French mathematician (1782–1862)

Olry Terquem (16 June 1782 – 6 May 1862) was a French mathematician. He is known for his works in geometry and for founding two scientific journals, one of which was the first journal about the history of mathematics. He was also the pseudonymous author (as Tsarphati) of a sequence of letters advocating radical reform in Judaism. He was French Jewish.

==Education and career==
Terquem grew up speaking Yiddish, and studying only the Hebrew language and the Talmud. However, after the French Revolution his family came into contact with a wider society, and his studies broadened. Despite his poor French he was admitted to study mathematics at the École Polytechnique in Paris, beginning in 1801, as only the second Jew to study there. He became an assistant there in 1803, and earned his doctorate in 1804.
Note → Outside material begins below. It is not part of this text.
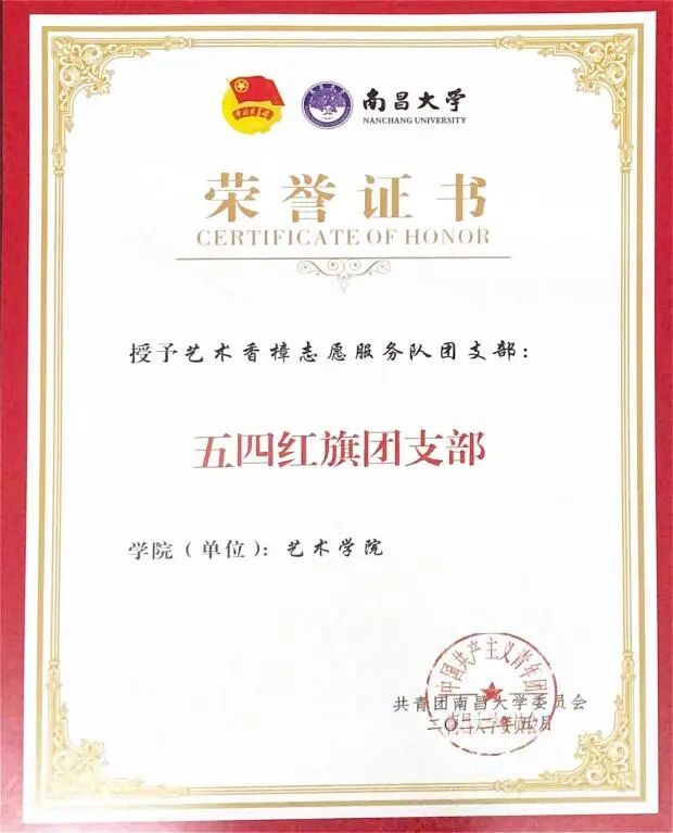 2015年9月,艺术香樟志愿服务队成立,并于2018年3月成立了艺术香樟志愿服务队团支部。

After finishing his studies he moved to Mainz (at that time known as Mayence and part of imperial France), where he taught at the Imperial Lycée. In 1811 he moved to the artillery school in the same city, in 1814 he moved again to the artillery school in Grenoble, and in 1815 he became the librarian of the Dépôt Central de l'Artillerie in Paris, where he remained for the rest of his life. He became an officer of the Legion of Honor in 1852. After he died, his funeral was officiated by Lazare Isidor, the Chief Rabbi of Paris and later of France, and attended by over 12 generals headed by Edmond Le Bœuf.

==Mathematics==
Terquem translated works concerning artillery, was the author of several textbooks, and became an expert on the history of mathematics. Terquem and Camille-Christophe Gerono were the founding editors of the Nouvelles Annales de Mathématiques in 1842. Terquem also founded another journal in 1855, the Bulletin de Bibliographie, d'Histoire et de Biographie de Mathématiques, which was published as a supplement to the Nouvelles Annales, and he continued editing it until 1861. This was the first journal dedicated to the history of mathematics.

The nine-point circle of a triangle. The three marked points that lie on the circle and interior to the triangle are the ones found by Terquem. The point of convergence of the three red lines through the triangle is its orthocenter.
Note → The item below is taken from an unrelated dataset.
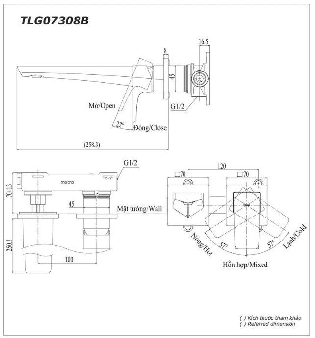 - Kích thước vòi: 258.3 (mm) (từ tâm xả nước đến tường)

In geometry, Terquem is known for naming the nine-point circle and fully proving its properties. This is a circle that passes through nine special points of any given triangle. Karl Wilhelm Feuerbach had previously observed that the three feet of the altitudes of a triangle and the three midpoints of its sides all lie on a single circle, but Terquem was the first to prove that this circle also contains the midpoints of the line segments connecting each vertex to the orthocenter of the triangle. He also gave a new proof of Feuerbach's theorem that the nine-point circle is tangent to the incircle and excircles of a triangle.
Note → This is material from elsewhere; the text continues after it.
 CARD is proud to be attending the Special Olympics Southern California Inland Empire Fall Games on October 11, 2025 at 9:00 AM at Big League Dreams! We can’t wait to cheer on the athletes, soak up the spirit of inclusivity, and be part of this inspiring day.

Terquem's other contributions to mathematics include naming the pedal curve of another curve, and counting the number of perpendicular lines from a point to an algebraic curve as a function of the degree of the curve. He was also the first to observe that the minimum or maximum value of a symmetric function is often obtained by setting all variables equal to each other.

==Jewish activism==
Terquem has been called the first, most radical, and most outspoken of the major proponents of Jewish reform in France, "the enfant terrible of French Judaism". He published 27 "letters of an Israelite" under the name "Tsarphati" (a Hebrew word for a Frenchman), pushing for reforms that in his view would better assimilate Jews into modern life and better accommodate working-class Jews. The first nine of these appeared in L'Israélite Français, and the remaining 18 as letters to the editor in Courrier de la Moselle. Terquem rejected the Talmud, proposed to codify intermarriage between Jews and non-Jews, pushed to move the sabbath to Sunday, advocated using other languages than Hebrew for prayers, and fought against circumcision, regressive attitudes towards women, and the Jewish calendar. However, he had little effect on the Jewish practices of the time.

Despite Terquem's calls for reform, and despite having married a Catholic woman and raised his children as Catholic, he requested that his funeral be held with all the proper Jewish rites.